The Joplin Globe, Joplin, MO

March 1, 2008

Neosho business developing solar-powered golf carts


By Derek Spellman

dspellman@joplinglobe.com

NEOSHO, Mo. — Shane Bennett has seen the future, and it is sunny.

Bennett is the president of Sol-Stainable Technologies, which converts ordinary electric golf carts into solar-powered carts. It was started last year by Bennett and three other fellow Crowder College students.

The four students are alternative-energy apostles trying to secure a niche in an emerging industry.

“It is getting more and more popular,” Bennett said. “You couldn’t find anybody doing it six months ago.”

Solar power has gained ground as an alternative energy source for cars and houses, but now businesses such as Sol-Stainable Technologies are showing how solar power can also be harnessed for smaller, less expensive applications.

With current technology, a solar-powered car can reach speeds of 105 mph and be driven on the highway, but it also costs hundreds of thousands of dollars.

By contrast, the solar golf carts that Sol-Stainable Technologies can provide might reach speeds of 15 mph but cost far less. Bennett said that the company can convert an existing cart at a cost of about $2,500 and with a turnaround time of less than a week, depending on the model.

The most immediate market would be golf courses, but Bennett and his partners also plan to promote the machines as a convenient and energy-efficient transport for retirement communities, theme parks, casinos, school campuses and large rural properties.

Sol-Stainable Technologies is partly an outgrowth of Crowder College’s solar energy programs, Bennett said.

Bennett credits Art Boyt, director of Crowder’s Missouri Alternative and Renewable Energy Technology (MARET) Center, with inspiring the operation.

The first solar car to cross the United States was built under Crowder’s guidance, he said, and Boyt was one of the pioneers in the field.

Years later, some of his students — including Bennett — began to see how a golf cart was well-suited for solar power. Its canopy, for example, provided a flat surface that was good space for solar panels.

The key advantages of a solar cart, Bennett argued, is that its primary energy source — i.e., the sun — is virtually inexhaustible and free.

Bennett estimated that a cart could travel anywhere from six to 10 miles a day on solar power. In some cases, the carts could operate for months without ever needing to be plugged in and recharged, he said.

Other features planned for the company’s products would allow a laptop, cooler, radio or portable television set to be plugged into the cart.

And Sol-Stainable Technologies also plans to tout the carts as an excellent backup power supply, particularly for ice storms.

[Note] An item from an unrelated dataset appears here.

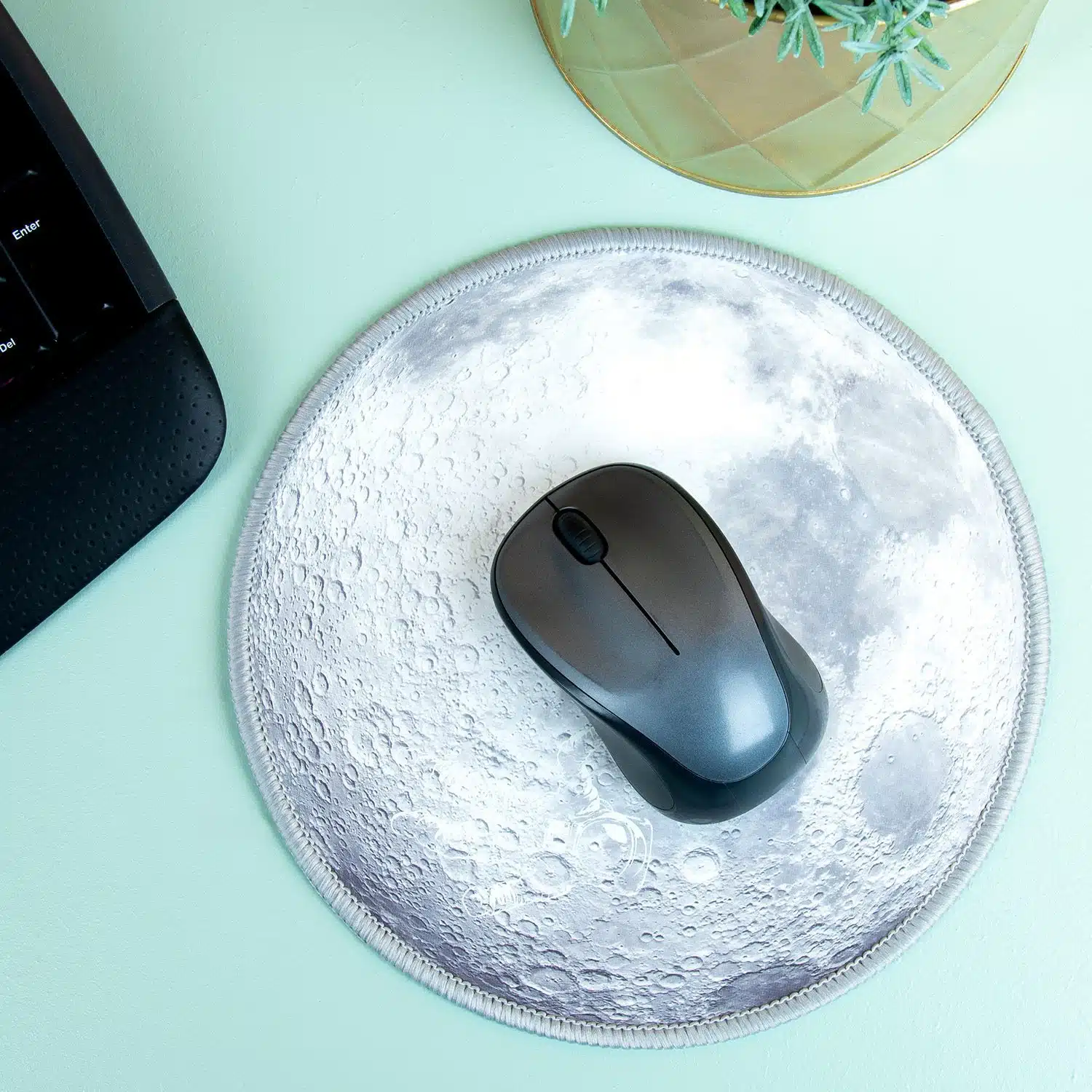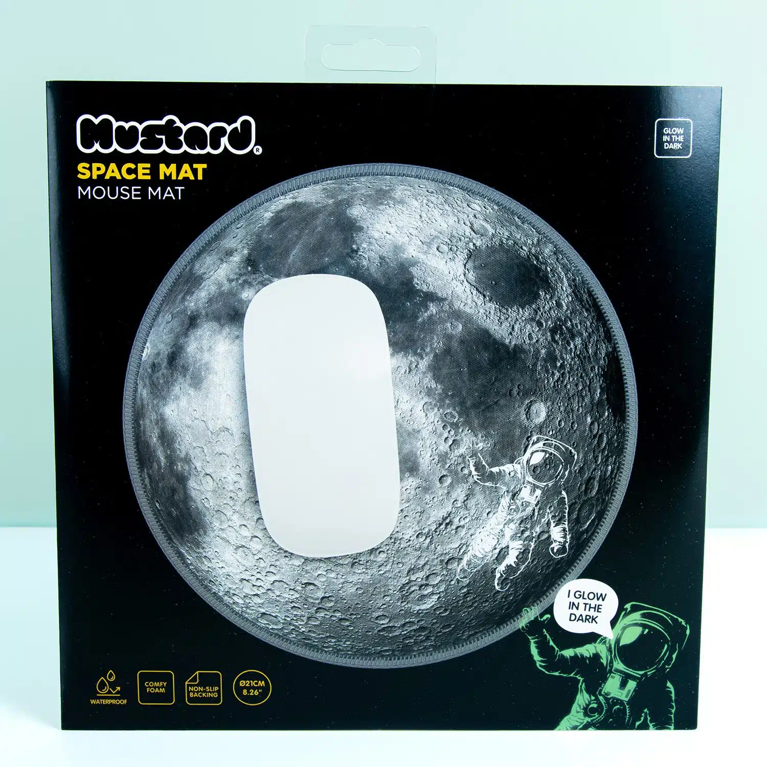 Muismatten zien er vaak een beetje saai uit, maar wij hebben er één die echt cool is: de Maan muismat van Mustard. Deze unieke muismat ziet eruit als de maan! Maar dat is niet het enige: er zweeft ook een glow in the dark astronaut voor de maan. Als deze is opgeladen door zonlicht of het licht van een bureaulampje, dan geeft hij licht in het donker.

The cart can store energy, Bennett said, that can be accessed via a converter. The applications would be somewhat limited, but the cart could be used to power a small heater, television set or cooler for one to two days, he said.

Sol-Stainable plans to highlight all of those features when it takes its product into the marketplace. So far, business has been in a bit of a holding pattern because of the cold weather, but as winter yields to spring and business quickens at the golf courses, Bennett and his partners expect that to change. It will be sending out dozens of introductory letters to area businesses within the next few weeks.

“We plan on getting pretty aggressive come spring,” Bennett said. “We really want to support local businesses because we are (a local business).”



Did you know?

Sol-Stainable is the first business to use the small-business incubation services offered by Crowder College’s Missouri Alternative and Renewable Energy Technologies program.